Well, we "accept the situation," as the politicians say; and, as you will readily believe when I tell you, that I do my own cooking in this "reconstructed" dining-room, superseding Milly, who has been exiled to one of the cabins in the yard, and is retained merely as laundress, while Katy does the scrubbing and house-cleaning and other rough work.

In the dining-room I have put up dark-green paper shades to the four windows, furnished it with a pine table, a side-table, which I covered with oil-cloth, which comes a yard square, some nice, substantial chairs, a lounge, a rocking chair, a good hemp carpet, and, on the mantle, a handsome little clock. The dining-table I have covered with a home-made cloth, a piece of my own handiwork. It is made of black broadcloth, to fall over the edge of the table some eight or ten inches, and is braided with woollen braid, a lighter shade than the cloth, in a neat pattern. The woollen braid looks very well. Flannel may be used instead of broadcloth. This is the way you do it:

Transfer the intended design to French tissue paper; paste the edges of the paper on the cloth; sow on the orange braid (if you have two colors, say orange and green) with fine silk of the same color; tear off all the paper, and sew the remaining color of braid on close to the orange. This will make a pretty cover for a table, piano, melodeon, or on a cheaper scale, a pine table.

Shall I tell you how I circumvented a sly old rat whom no trap could catch and no cat pounce upon, and a countless and every where present host of little red ants at the same time, and by means of one simple contrivance? Well, I got a strong tin box made, with a suitable fastening to the cover, and a grated shelf inside, on which to keep my eatables.

Mr. Rat was left out in the cold. For a defence against the ants, I had it made with four legs, each of which is set in a saucer of water. This is the only sure remedy for the ant pest that I have found--and ants are a terrible nuisance here. 

About my qualifications as a practical cook, I suspect you are skeptical. Somebody else, who ought to know, thinks I am a famous housewife.

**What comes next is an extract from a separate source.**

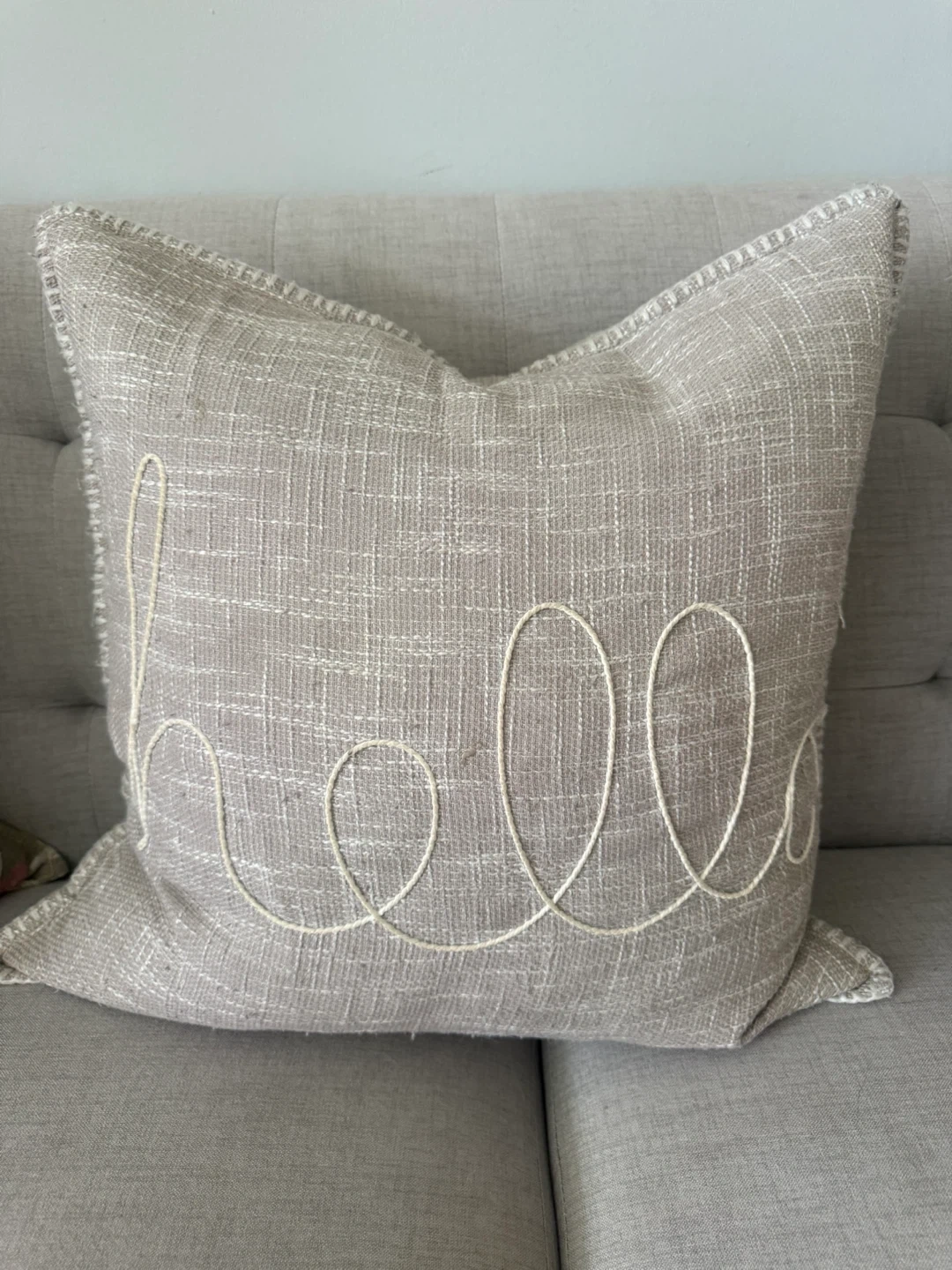 This set includes two decorative throw pillows, one with a textured 'hello' design and another with a floral pattern. It also comes with a cozy, plush throw blanket in a mauve shade. Material is soft fabric.
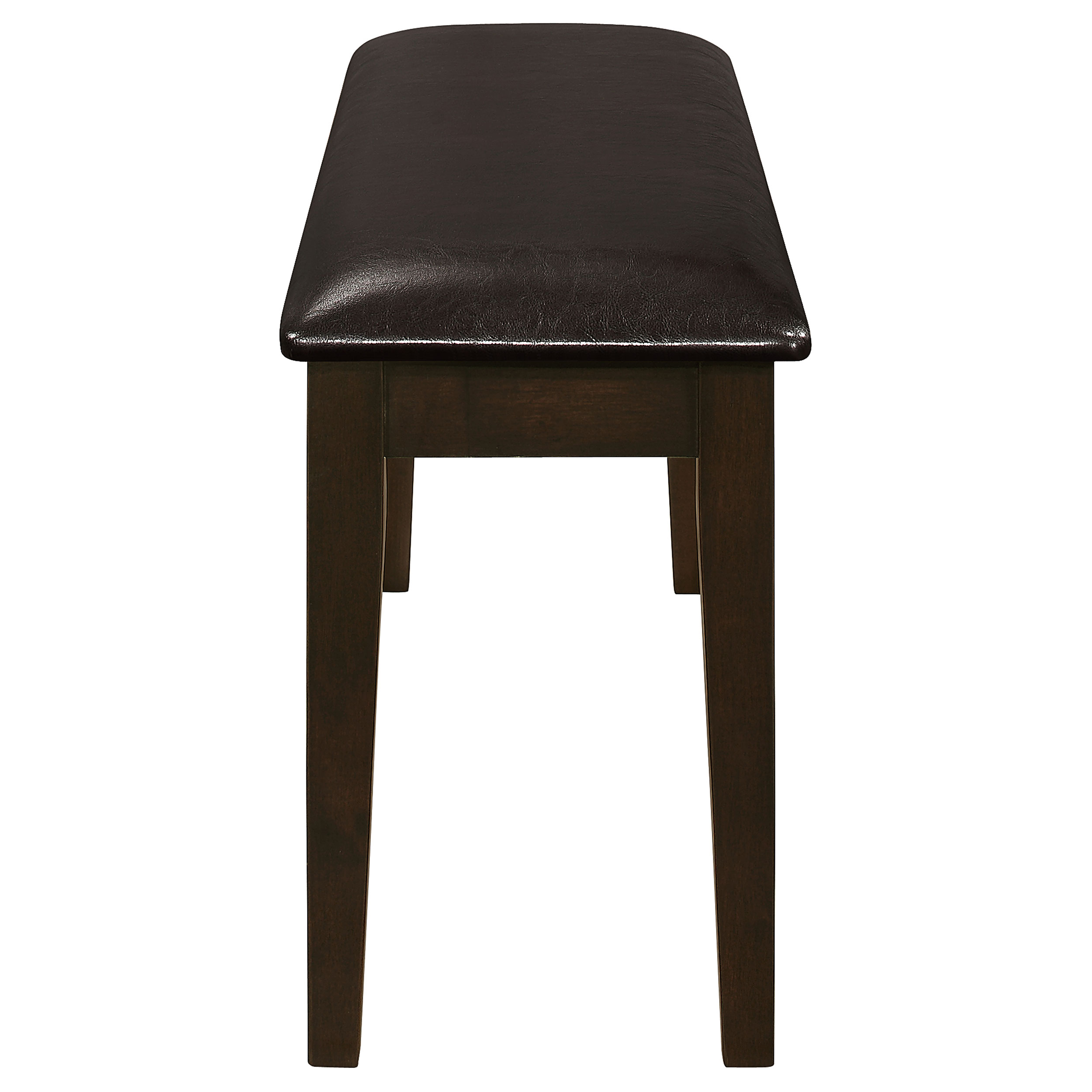 Be it everyday meals with the family or casually catching up with friends over wine in the dining room, this five-piece set is the perfect fit for your home. Crafted from Asian tropical hardwood and Okume veneer, the rectangular table boasts straight clean lines and bold tapered legs. Three chairs with comfy padded brown leatherette seats bolster the table, while the leatherette bench adds functionality. The classic details also add an element of tradition to any occasion. This ensemble is sure to be a foundation of fond memories.

Do you not know that I have lived in Florida, "roughed it" in a log cabin, and learned how to make much out of little? My dinners might not suit a pampered epicure; but I can truly say that due justice is generally done them when on the table. Wouldn't you like to know what we had for dinner today? I am not going to tell you, but one dish I am sure must be new to you, so I will give you my recipe:

POTATO PAN-PIE.--I take four or five large sweet potatoes, pare and cut in small pieces, and boil till cooked through. Pour off the water and put them in a baking dish, then put in three heaping table spoonful's of sugar, a tablespoonful of butter, a little salt, an little nutmeg, and last, a cup of cold water; then make a crust like piecrust, but much thicker, and just large enough to cover the dish; cut a slit in the crust, and put it on top of the potatoes, and bake till a light brown. This dish is not a fancy one for a light dessert, but a good substantial part of a meal, and is pronounced excellent. I could fill a letter, (and perhaps I may one of these days,) with the different ways of preparing our best of all vegetables--the sweet potato, but for the present I must close.

Yours, as ever,

SourceRural Carolinian 1:3 (Dec. 1869): 190-191.


Questions to Consider

  1. Marie writes of her "reconstructed" household. What does she mean by that? What has been "reconstructed" and in what ways?

  2. In this process of Reconstruction, Marie has changed, but in what ways?

  3. How has Marie's personal transformation changed the way she thinks about herself and her place in social and family life?

  4. Why do you think Marie closed her letter with a recipe for sweet potato pie? What kind of message do you think she's trying to convey about not just gender, but race and labor and politics too?

  5. Why do you think the editor of the Rural Carolinian chose to publish this letter? Who do you think his target audience was, and what do you think he wanted that audience to learn from Marie's letter?